もちろん、営業マンに要求される能力も知識も従来の比ではありませんが、そのために人材育成に投資するのです。

②事例-1
C社は先行管理を始めて5年目ですが、2年前から「源流管理」を導入して、実質3ヶ月先行管理を実現しています。
営業マンが日頃の話し込みの中で、新しい商品企画の情報を耳にしました。
販売市場は大都市圏を意識した商品で、商品企画会社の持ち込み案件のようです。
さっそく、トップとコーディネーターへのインタビューを開始し、それによって得た情報を元に、C社のプランナー、デザイナー、上司、同僚とミーティングを持ち仮説を構築します。
大まかな「企画」「デザイン」「ネーミング」「パッケージ」「物流」にいたるまでのラフ提案を仕上げて、お客様と仮説の検証に入ります。

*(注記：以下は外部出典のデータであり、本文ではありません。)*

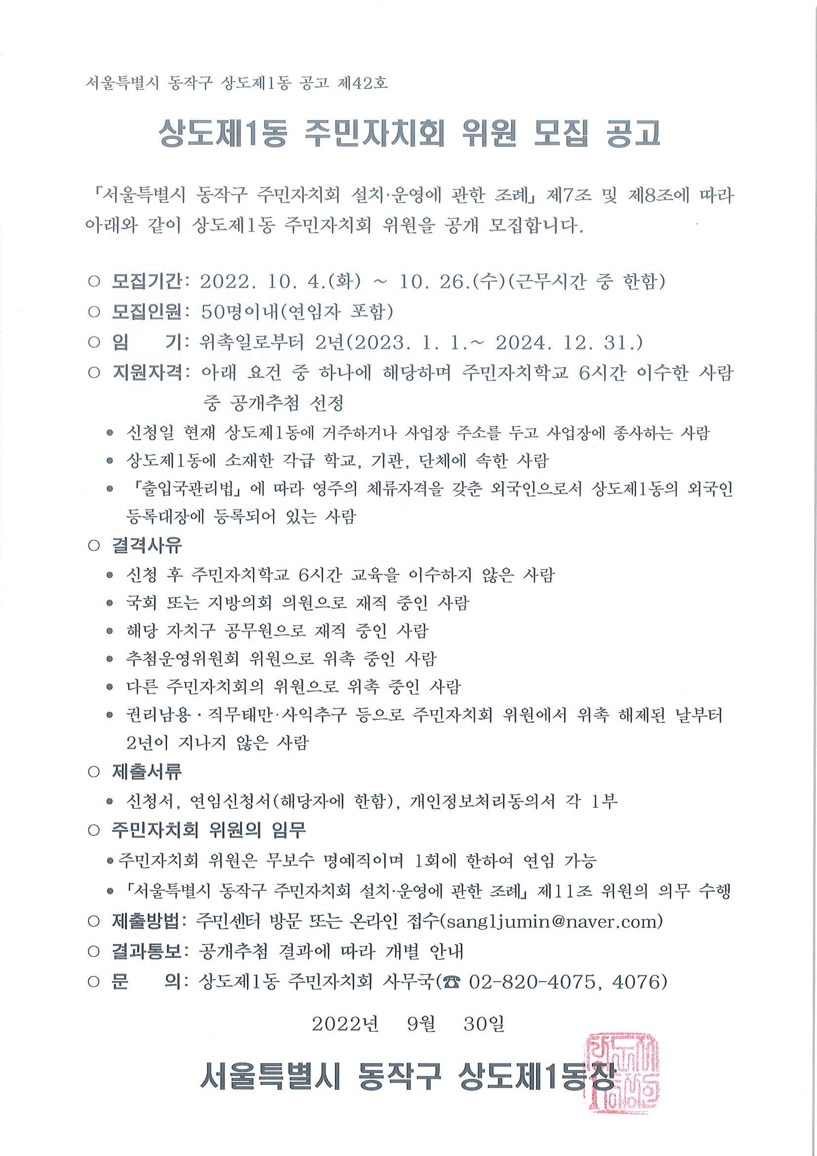 주민자치회 위원모집신청서(개인), 개인정보동의서 1부.hwp

数度の仮説構築と検証を繰り返した後、受注することが出きました。納期は3ヵ月後ですが、ほぼ独占契約に近い形で契約が出来ました。

ま と め
売上高を追求すると、お客様に媚びて、接待交際費を使い、お客様に振り回されて、挙句の果てに価格競争という消耗戦に巻き込まれてしまいます。

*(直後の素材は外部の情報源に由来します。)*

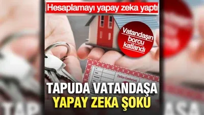 Sinop'ta ikamet eden Hüseyin Öztürk, 2 milyon 700 bin liraya 1+1 ev satın aldı. Gelir İdaresi Başlanlığı iddiaya göre yapay zeka kullanarak evin değerini tekrar hesapladı. Hesaplama sonucu evin bedeli 4 buçuk 5 milyon lira bandında çıktı. Gelir İdaresi Başkanlığı, Öztürk'e ek vergi alacağı çıkardı. Evinde tebligatı gören Öztürk, 26 bin lira daha borçlandığını öğrendi.

そして、いとも簡単に別のライバルに横取りされてしまいます。
価格で勝負すれば、価格で負けるのです。付加価値、すなわち、利益で勝負するべきです。
売上高は利益を追求するための手段に過ぎません。利益の中でも特に経常利益が、企業が追求すべき目標であり、決して売上高ではありません。
利益を追求すれば、売上高はおのずと付いて来ます。